> [Collection entries]
++++++++++

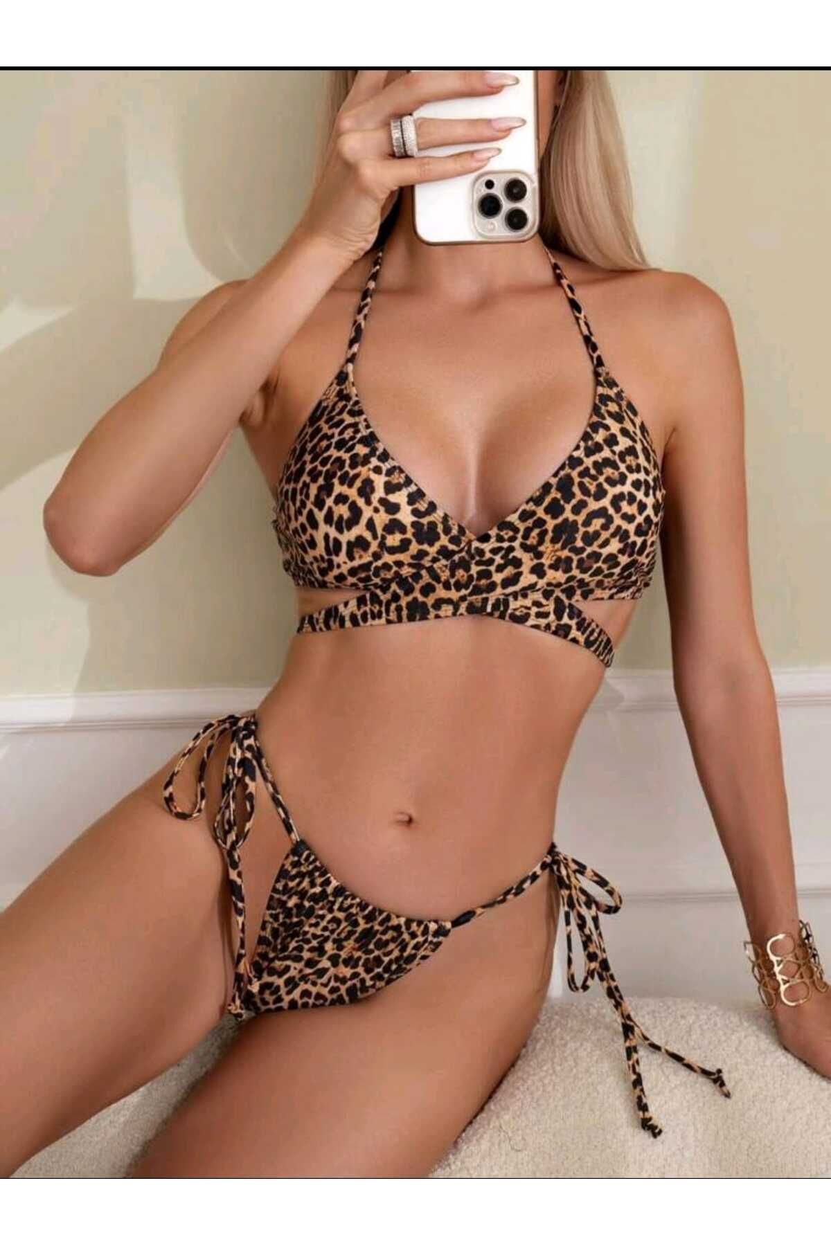 ŞAHPERA BUTİK Leopard Patterned Bikini Set
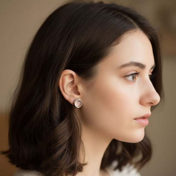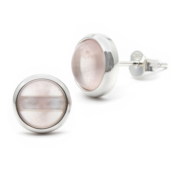 Große, runde Rosenquarz Ohrstecker aus 925 Silber. Die leicht gewölbten Edelsteine sind glatt geschliffen und glänzen schön. Sie sind rosa durchsichtig, so dass man die Silber-Halterung (Strebe) hindurchsehen kann.
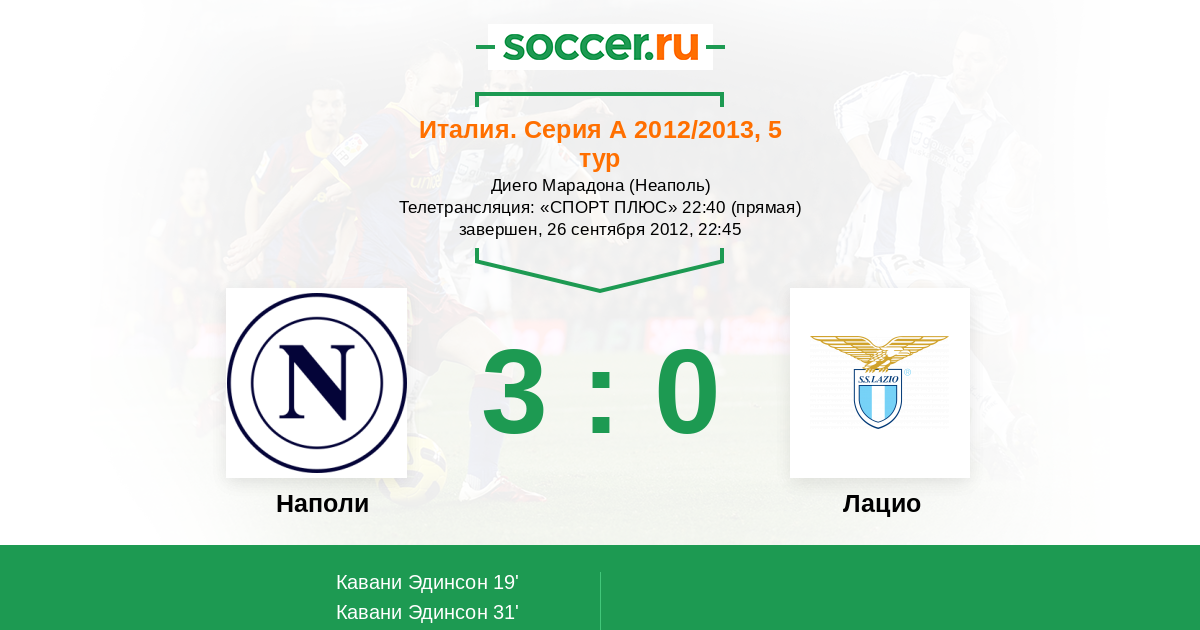 Протокол матча Наполи против Лацио
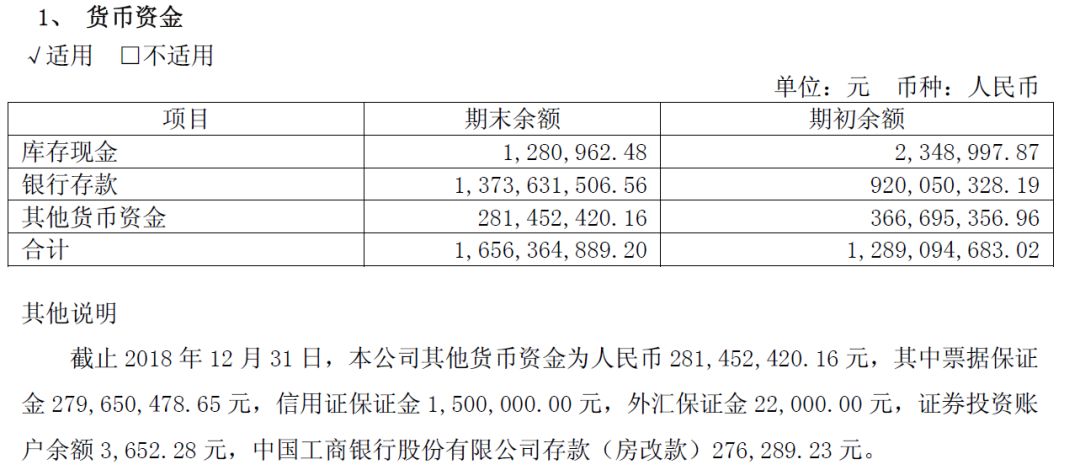 第一步,看辅仁药业主要科目的期末余额情况,包括货币资金、其他应收款、其他流动资产、借款、其他应付款等。辅仁药业2018年货币资金余额16.56亿元,其中其他货币资金余额2.81亿元。
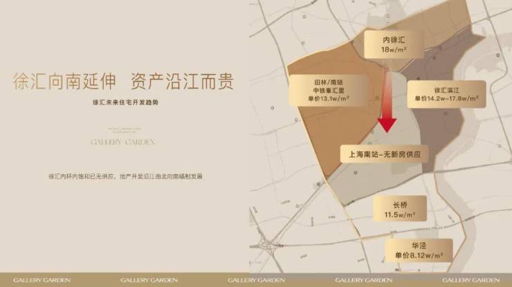 从徐汇开发趋势来看,徐汇向南延伸已成态势。近年来,徐汇作为热门的主城板块,住宅土地供应日渐紧张。随着内徐汇向南延伸,徐汇滨江以绝对实力承接了内徐汇的高单价,而随之南向开发的不断深化,上海南站区域暂无新房供应,而更靠近滨江的长桥板块相较之靠近徐汇腹地的田林、南站板块置业门槛更低,是典型的土地发展红利期。
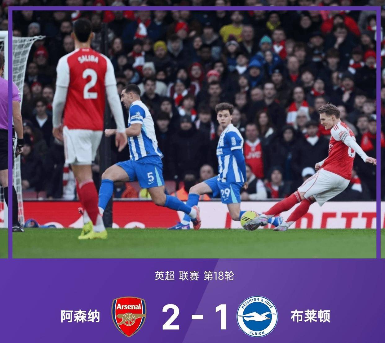 การแข่งขันของอาร์เซนอลนั้นเต็มไปด้วยความตึงเครียดอย่างแท้จริง มาร์ติน โอเดการ์ด ทำลายสถิติการทำประตูที่แห้งแล้งของเขาในฤดูกาลนี้ด้วยการยิงไกลในนาทีที่ 14 อย่างไรก็ตาม ไบรท์ตันได้เปิดฉากการกลับมาอย่างบ้าคลั่งหลังจากพักครึ่ง โดยไบรอัน โกเมส ยิงประตูตีตื้นจากระยะใกล้ในนาทีที่ 64 ทำให้แนวรับของปืนใหญ่ตกอยู่ในสถานการณ์ที่ลำบาก หากไม่ใช่เพราะการเซฟอย่างปาฏิหาริย์ของผู้รักษาประตู เดวิด รายา ในนาทีที่ 80 ตำแหน่งจ่าฝูงของอาร์เซนอลอาจตกอยู่ในอันตรายสถิติหลังการแข่งขันเปิดเผยว่า อาร์เซนอลยิงทั้งหมด 24 ครั้งตลอดทั้งเกม – มากกว่าไบรท์ตันถึงสามเท่า – แต่ชัยชนะของพวกเขากลับรู้สึกเหมือนเดินบนเชือกเส้นเดียว
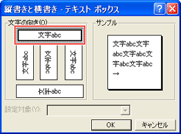 [文字の向き]で上の[文字abc]をクリックして選択し、[OK]をクリック
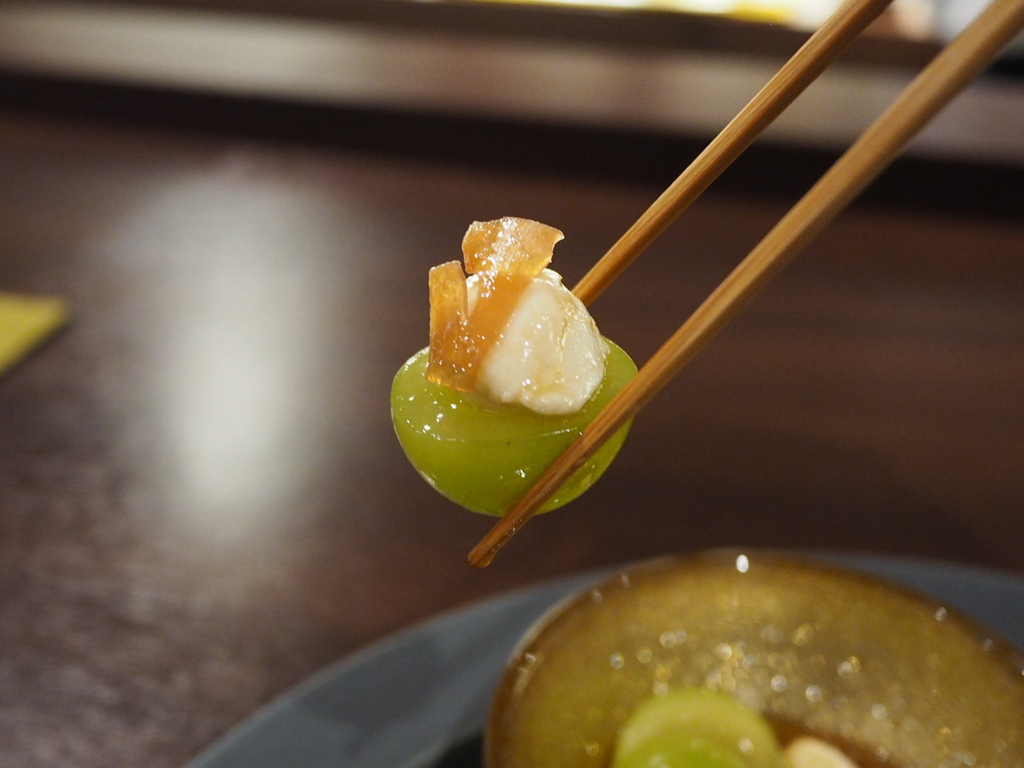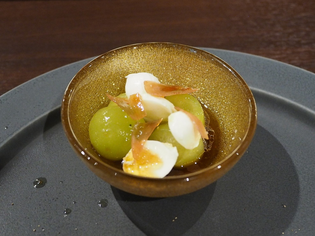 マスカットの甘みにモッツアレラチーズと生ハムの旨みが一体となってめちゃくちゃ美味しいです!
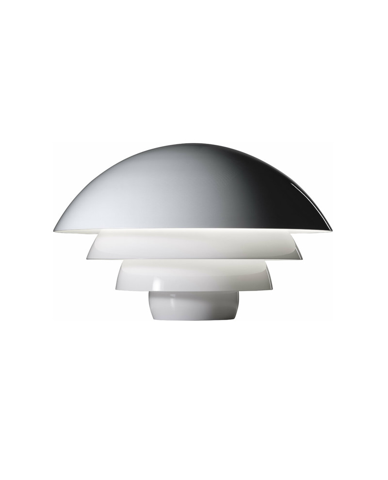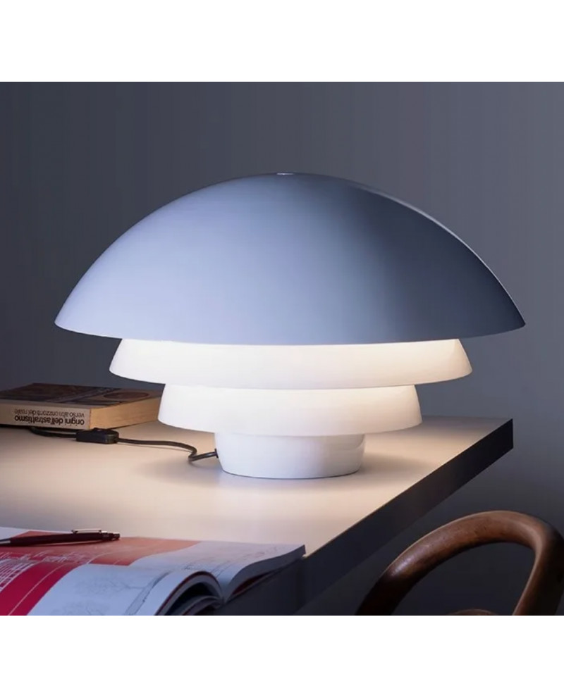 Lampe de table à lumière indirecte, initialement conçu pour les cercles fluorescents, signe de la nécessité déjà ressentie d'une meilleure utilisation de l'énergie, il est aujourd'hui reproposé pour les ampoules LED. Les éléments en aluminium peints en blanc sont fixés à l'axe de support central au moyen d'un petit bouton. Base semi-sphérique câblée pour ampoules LED.
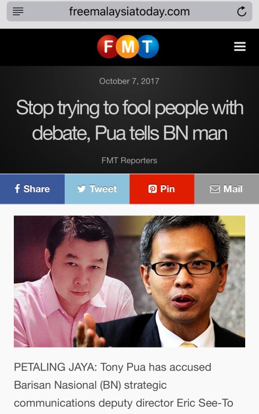 Sekarang kita lihat pula baju T yang dipakai oleh Tony Pua dalam satu videonya:
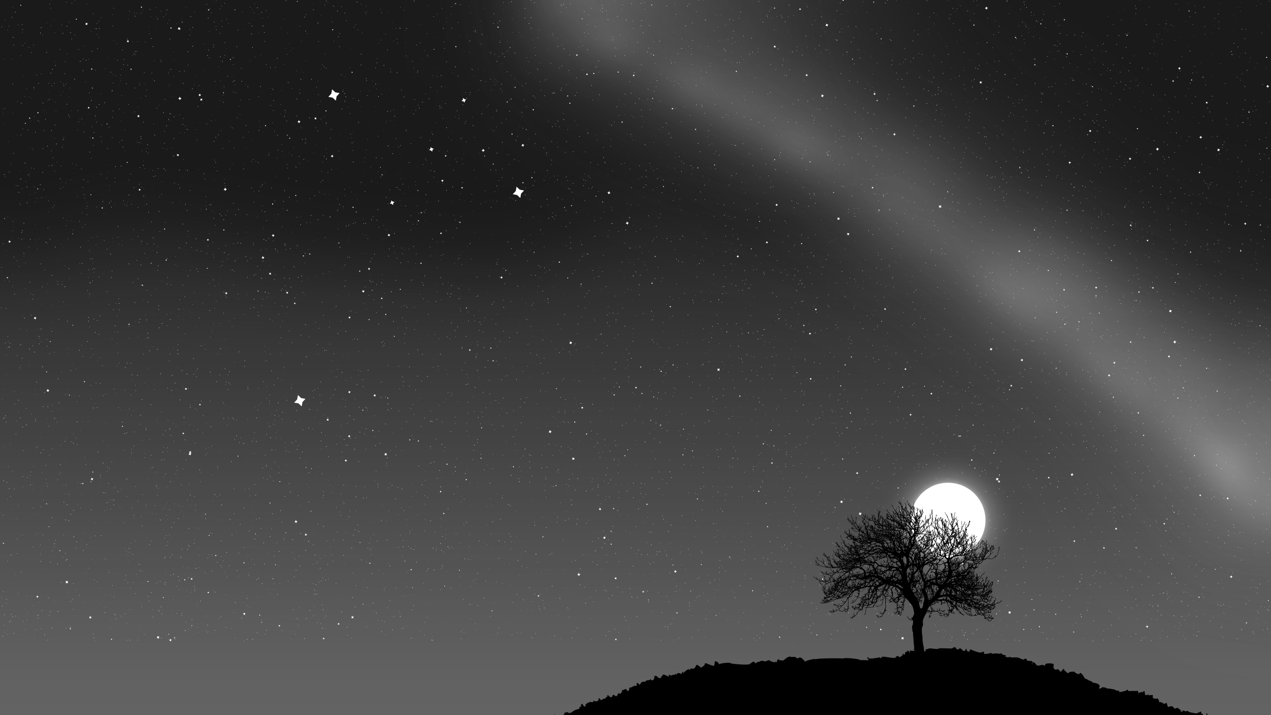 This features a single tree standing alone in the middle of an open field, with a full moon partially hidden behind it. The night sky is filled with stars, creating a serene and peaceful atmosphere. The tree appears to be silhouetted against the backdrop of the starry sky, adding depth and dimension to the scene. This black and white illustration captures the beauty of nature in its most tranquil state.

++++++++++

> [Try it] Using the data above, output the line that has "マスカットの甘みにモッツアレ", the line that has "Sekarang kita lihat", and whatever lines fall between, each exactly as it stands and without pictures.

> [The completed task]
 マスカットの甘みにモッツアレラチーズと生ハムの旨みが一体となってめちゃくちゃ美味しいです!
 Lampe de table à lumière indirecte, initialement conçu pour les cercles fluorescents, signe de la nécessité déjà ressentie d'une meilleure utilisation de l'énergie, il est aujourd'hui reproposé pour les ampoules LED. Les éléments en aluminium peints en blanc sont fixés à l'axe de support central au moyen d'un petit bouton. Base semi-sphérique câblée pour ampoules LED.
 Sekarang kita lihat pula baju T yang dipakai oleh Tony Pua dalam satu videonya:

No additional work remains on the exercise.